Siegel found that historically the biggest factor in productivity growth has been advances in communication — writing, the printing press, telegraph and telephone, and the Internet. Communication improvements should spur high productivity growth in the developing world, he said. “The Internet can play a role today akin to Ts’ai Lun’s development of paper in the first century and Johannes Guttenberg’s invention of the printing press in the fifteenth,” Siegel writes. “The communications revolution has set the stage for the entire world to experience robust economic growth.”
High growth in developing countries will spur high stock returns in many of those countries, making foreign stocks attractive to Americans, Siegel said. But he cautions against falling into the growth trap. Since many investors already expect good stock returns in China and India, stocks in those countries may already be priced too high to provide top-level returns in coming decades — just as IBM shares were priced too high over the past 50 years.
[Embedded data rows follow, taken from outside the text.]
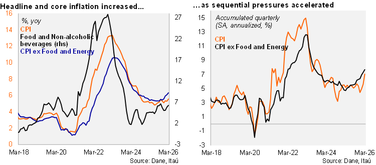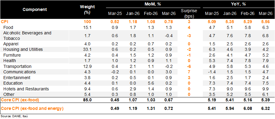 Headline and core inflation rebounded in March, surprising the market to the upside. Consumer prices rose by 0.78% MoM (+1.08% in February), above the Bloomberg market consensus of 0.69%, while closer to our 0.75% call. The main positive contributors in the month were housing and utilities (+0.85% MoM; +26bps), food (+1.27% MoM; +24bps) and hotels and restaurants (+0.89% MoM; +10bps). Consumer prices excluding food rose by 0.67% MoM (+0.45% one year earlier), while inflation excluding food and energy increased by 0.72% MoM (+0.49% MoM one year earlier). On an annual basis, headline inflation increased by 27bps from February to 5.56%, while core inflation increased by 24bps to 6.32%, the highest level since July 2024. Services inflation continued to rise, moving well above 7% year over year.
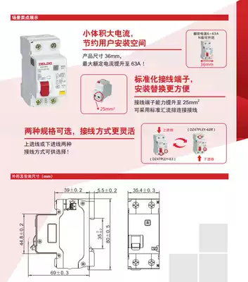 Delixi leakage protection air switch DZ47PLEY 2P 10A16A20A25A32A63A phase line plus
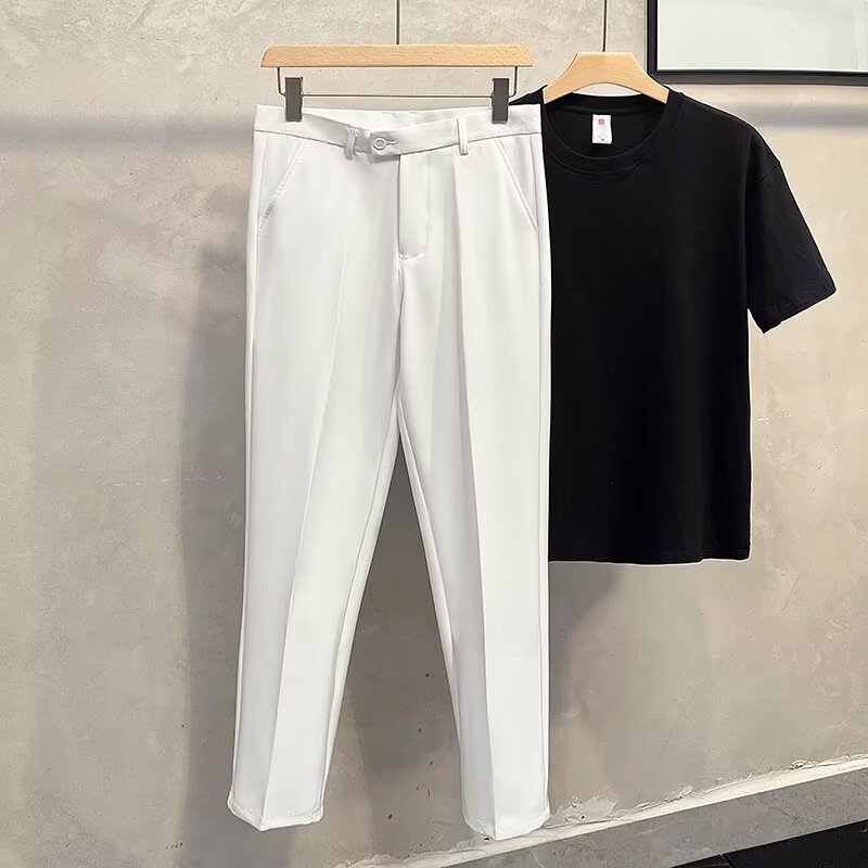 2024春の男性のスーツのズボンの韓国版の修身の小さいストレートのカジュアルなズボンのヤクザは熱を免除します。
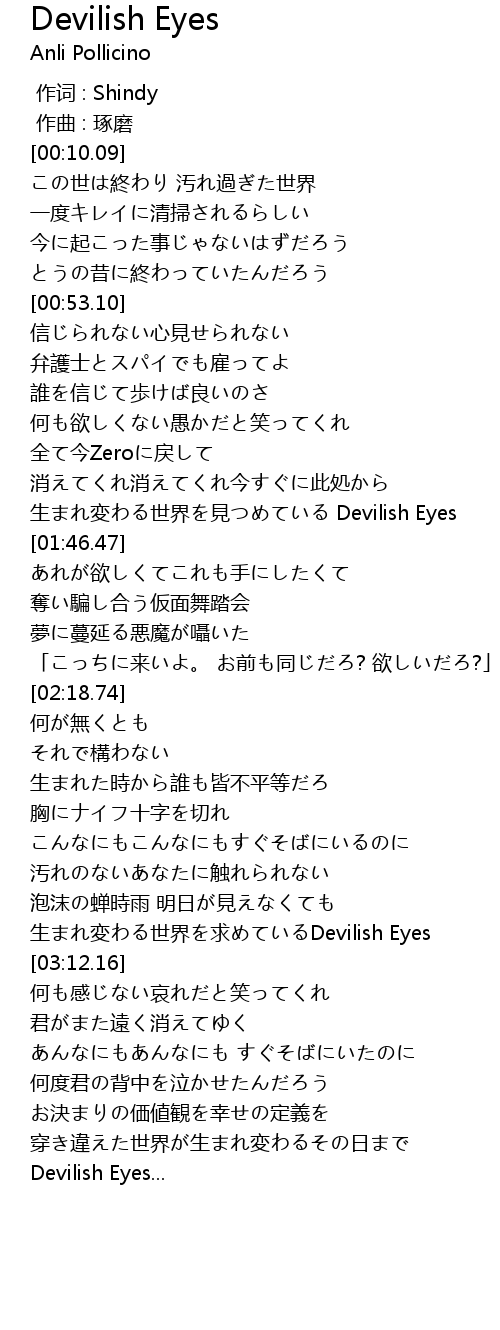 | [03:04.04] | 生まれ変わる世界を求めているDevilish Eyes |
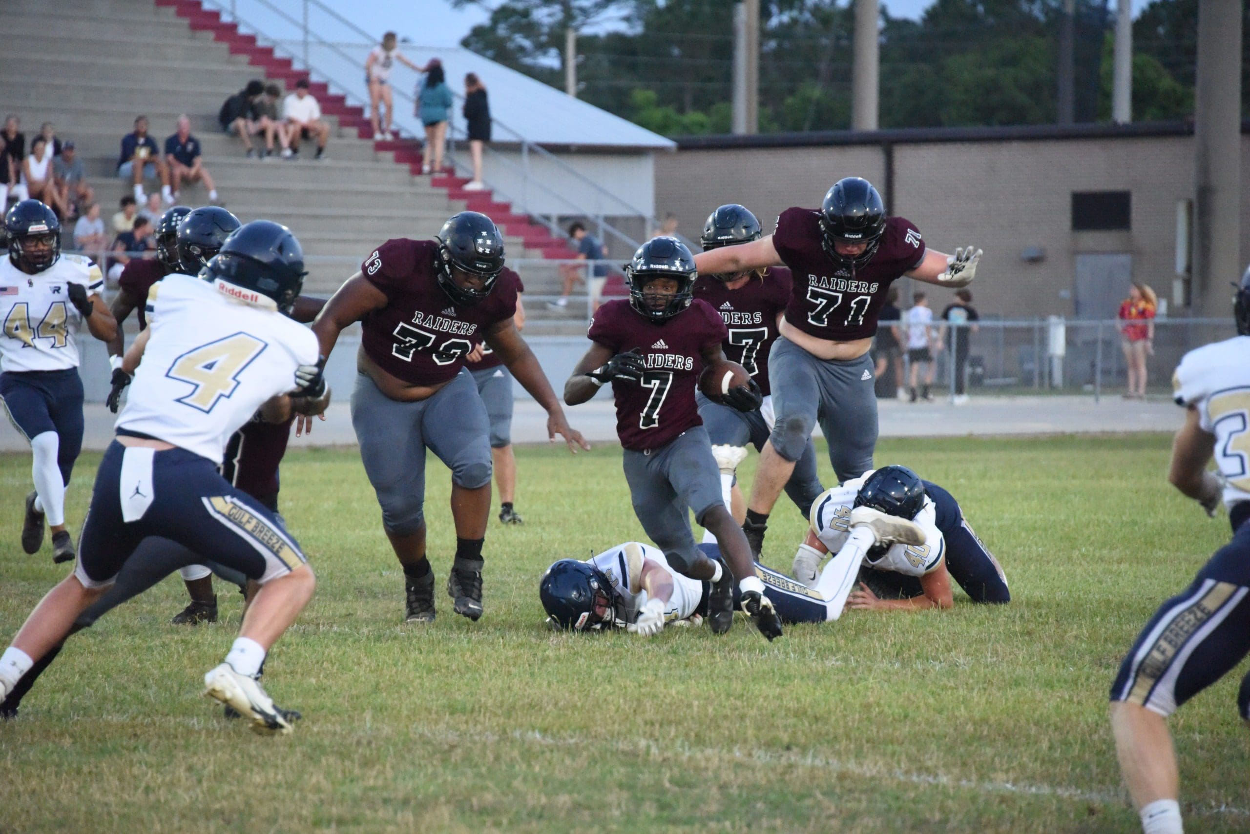 Those two touchdowns were the only ones of the night for the Raiders in the varsity half of the game at Bennett C. Russell Stadium, with Navarre losing that half 28-7 before winning the second half of the game by a 14-7 score.

China grew dramatically in the 1990s, but over-enthusiasm among investors made Chinese stocks overpriced. A $1,000 investment in an index of Chinese stocks in 1992 would have fallen to $320 by the end of 2003. Meanwhile, an identical investment in Brazil, which began the 1990s in political and economic turmoil and was spurned by most investors, would have grown to $4,781. “The conventional wisdom that investors should buy stocks in the fastest-growing countries is wrong for the same reason that buying the fastest-growing firms is wrong,” Siegel writes.
Investing in developing nations is risky. Investors cannot be certain that other troubled countries will recover as Brazil did, or that currency fluctuations will not wipe out Americans’ gains in foreign stocks. To avoid putting too much money into any one region or country, Siegel recommends allocating a stock portfolio with an eye to each country’s share of world equity values — U.S. and Canada, 54.9%; Europe, 27.8%; Japan, 9.1%; other developed Asian countries (Australia, Hong Kong, Singapore and New Zealand), 3.2%.
As a group, emerging markets should get 4.9% — Korea, 0.9%; Taiwan, 0.5%; China, 0.4%; Brazil, 0.4%; Mexico, 0.3%; India, 0.3%; Russia, 0.2%; and other emerging countries, 1.9%.
A number of mutual fund companies offer indexed funds and exchange-traded funds for U.S. and foreign stocks, allowing investors to own a wide assortment of stocks in a variety of countries at very low cost, Siegel said.
Investors should continue to rely on indexing as the core of their portfolios, he added, but they should devote about half of their portfolios to “return-enhancing strategies” based on his findings about the benefits of high dividend yields and low price-to-earnings ratios. High dividend strategies, for example, include investment in groups of stocks such as the Dow 10 and S&P 10, which focus on issues in those indexes with the highest dividend yields. Real estate investment trusts are also attractive because of their high dividends.
Investors also should consider stocks in firms that operate globally, such as those in the S&P Global 100 Index and the Dow Jones Global Titans Index. And they should look at the sectors that have produced good long-term results that many investors did not expect — oil and natural resources firms, global pharmaceutical companies and those that produce well-known consumer staples. “Avoiding the growth trap and sticking with the tried and true has served investors very well in the past,” Siegel concludes. “There is no reason why those strategies will not continue to serve investors well in the future.”